Who owns the bytecode format? How do I propose changes?

Nobody in particular at the moment, and note your change proposals to 
the  list.

I need
a scope definition section. Each scope is assigned a per-module
id. I'm not sure what info is needed yet, but certainly a size
and a code ref (opcode address) for the DESTROY sub.

For scopes you'll probably also need a template lexical scratchpad ID.

The control stack isn't used for much

yet. :)

and it would simplify my
code a lot if we combine the frame stack with the control stack.

The control stack is for things the interpreter needs to track. More will 
go on it--local() restore information, scope markers (for scope cleanup), 
scoped locks, possibly exception handler markers (though I'm not sure about 
that yet)--a fair amount of stuff. It would seem appropriate for your frame 
information to go on it.

The only down-side I think will be with hand-coded assembler.

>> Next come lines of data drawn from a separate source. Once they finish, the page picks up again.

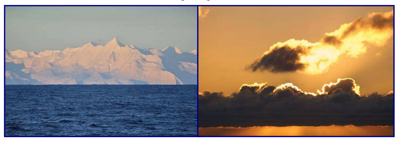
Fig.1. View of Mt Herschel 45nm away.

We finished our time on the inside of the ice barrier with a perfect Antarctic day – clear and sunny skies with great views of the distant Admiralty Ranges of Northern Victoria Land, including Mt Herschel (3335 m), Mt Sabine (3714 m) and Mt Minto (4163 m), along with great sunrises and sunsets.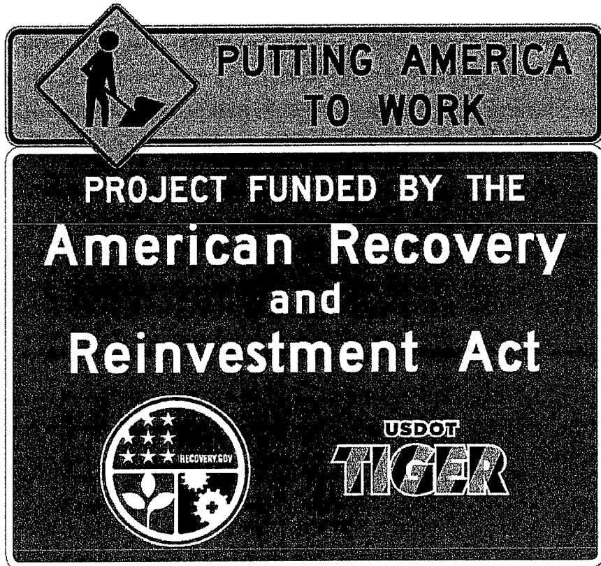
PROJECT FUNDING SOURCE SIGN ASSEMBLY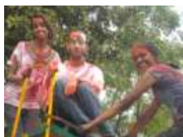
New Generation reach great heights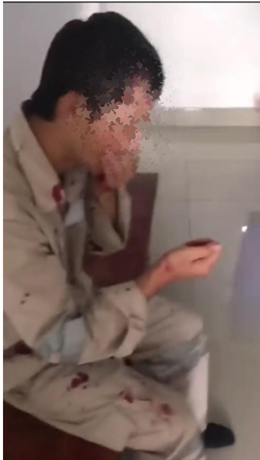
A worker beaten in workplace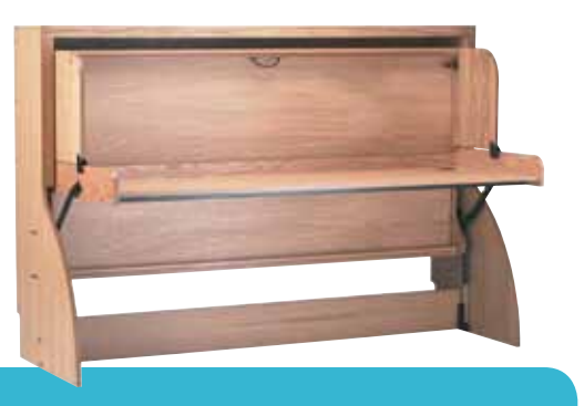
Single StudyBed £1300 + Vat (£1560)*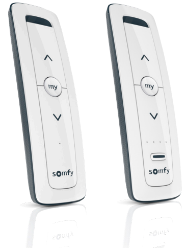
Also available in these attractive colors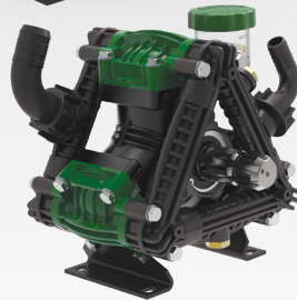
ZETA 70 1C

ZETA 70 pumps are excellent for various horticultural and agricultural spraying applications.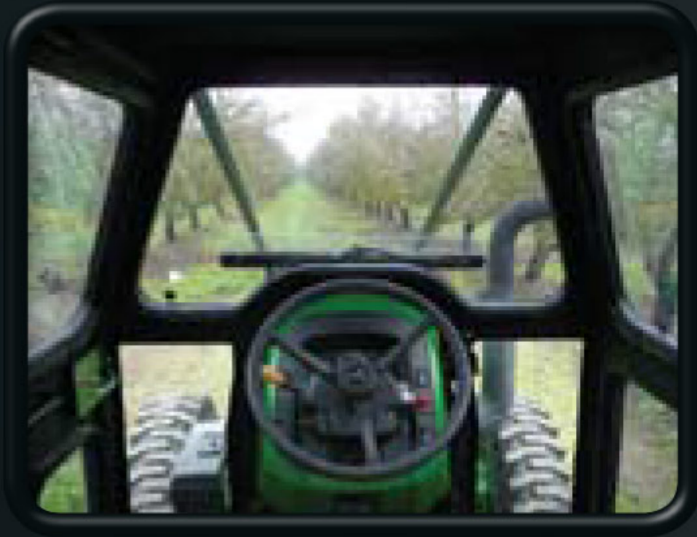
Now with more glass for increased visibility.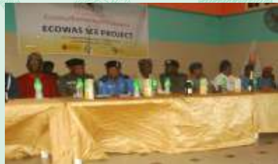
Stakeholders at the closing ceremony of the ECOWAS SEE Project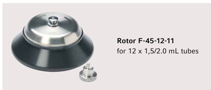
Rotor F-45-12-11 for 12 × 1,5/2.0 mL tubes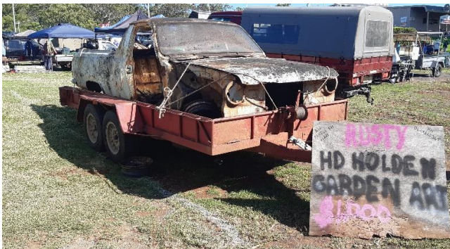
We think Rusty has started a sideline in garden art rather than try and keep them going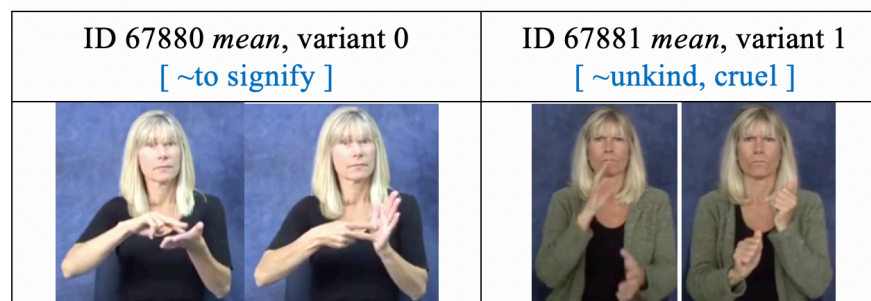
Figure 3. Supposed Dialectal Variants in WLASL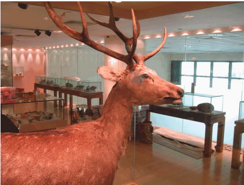
Display of Chinese Medicine Treasures

The Bank of China (Hong Kong) Chinese Medicine Centre was established in October 2003 and displays precious Chinese Materia Medica collected from all corners of the world. Members were fascinated by the display of various unique features of Chinese Materia Medica in Hong Kong including commonly used Chinese medicines, reputed and quality proprietary Chinese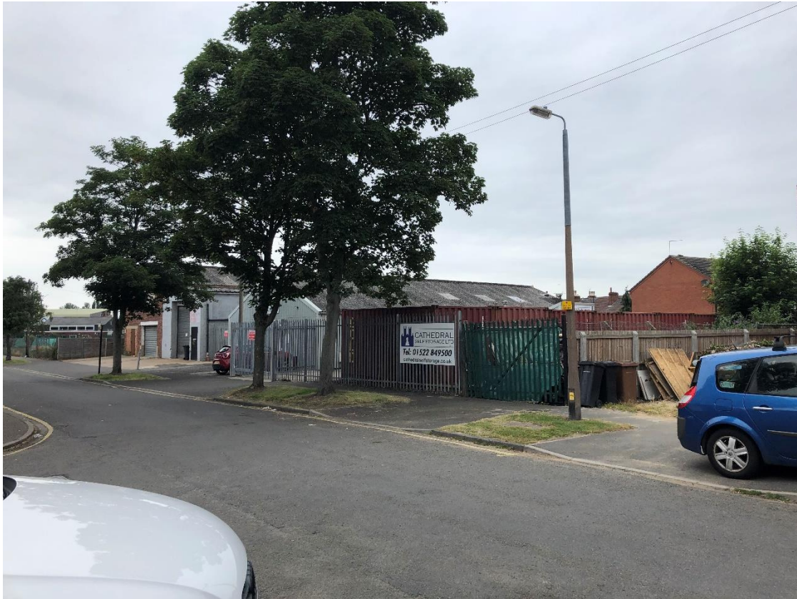
Site from Kingsway looking west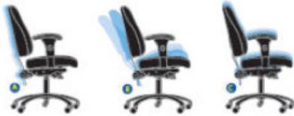
Seat & Back Tilt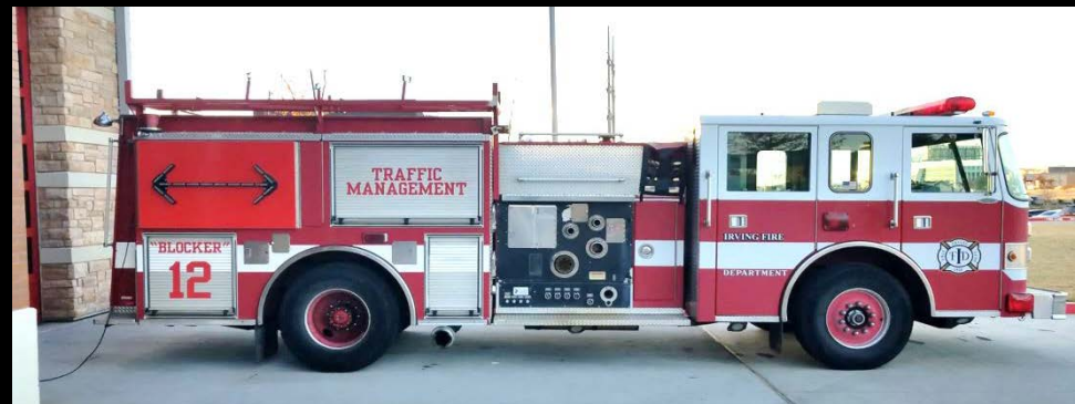
(TX) Irving Fire Dept.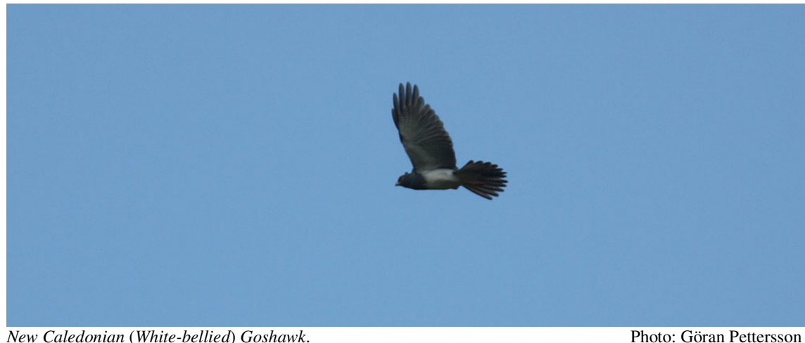
New Caledonian (White-bellied) Goshawk.

I wouldn't worry too much about the hand-coded stuff.

Anybody care if I subsume the control stack?

No. Or, rather, use the control stack for what you're doing.

Lastly, does anybody care if I change how assembler directives
are registered?

No. I like the leading period directives. It's either that or ALL-UPPERCASE 
directives, and that's kind of ugly.


Dan

--it's like this---
Dan Sugalski  even samurai
[EMAIL PROTECTED] have teddy bears and even
  teddy bears get drunk




RE: Lexical implementation work

2001-11-14 Thread Dan Sugalski

At 04:12 AM 11/11/2001 -0500, James Mastros wrote:
On Sat, 10 Nov 2001, Dan Sugalski wrote:
  At 01:39 PM 11/9/2001 -0800, Brent Dax wrote:
  Dan Sugalski:
  Of course.  Random question only very tangentially related to this: is
  INTVAL (and thus the I registers) supposed to be big enough to hold a
  pointer?
  INTVAL shouldn't ever get a pointer in it. We're not going to be casting
  pointers to ints and back anywhere, except possibly in some of the
  deep'n'evil spots (like the memory allocator).
Correction (and please correct this correction if I'm wrong):
An INTVAL should never get a /native/ pointer in it.  However, when we do
relitave or absolute jumps in parrot code, the destination is an INTVAL.

Also, there's a good chance that PMC constants or non-constants may be at
some points native pointers, and it would probably help effinceny for
sizeof(INTVAL)==sizeof(PMC), no?

Nope. PMCs that hold pointers should stash them in the pointer slot of the 
PMC structure. (If I said we were requiring that to be a pointer to a PMC 
or a buffer structure, I relent--it must for GC, but if the PMC is tagged 
appropriately so the GC won't follow it, it can point to anything)

Dan

--it's like this---
Dan Sugalski  even samurai
[EMAIL PROTECTED] have teddy bears and even
  teddy bears get drunk




Re: Lexical implementation work

2001-11-13 Thread Ken Fox

Dan Sugalski wrote:
 Nope, not stone tablet at all. More a sketch than anything else,
 since I'm not sure yet of all the things Larry's got in store.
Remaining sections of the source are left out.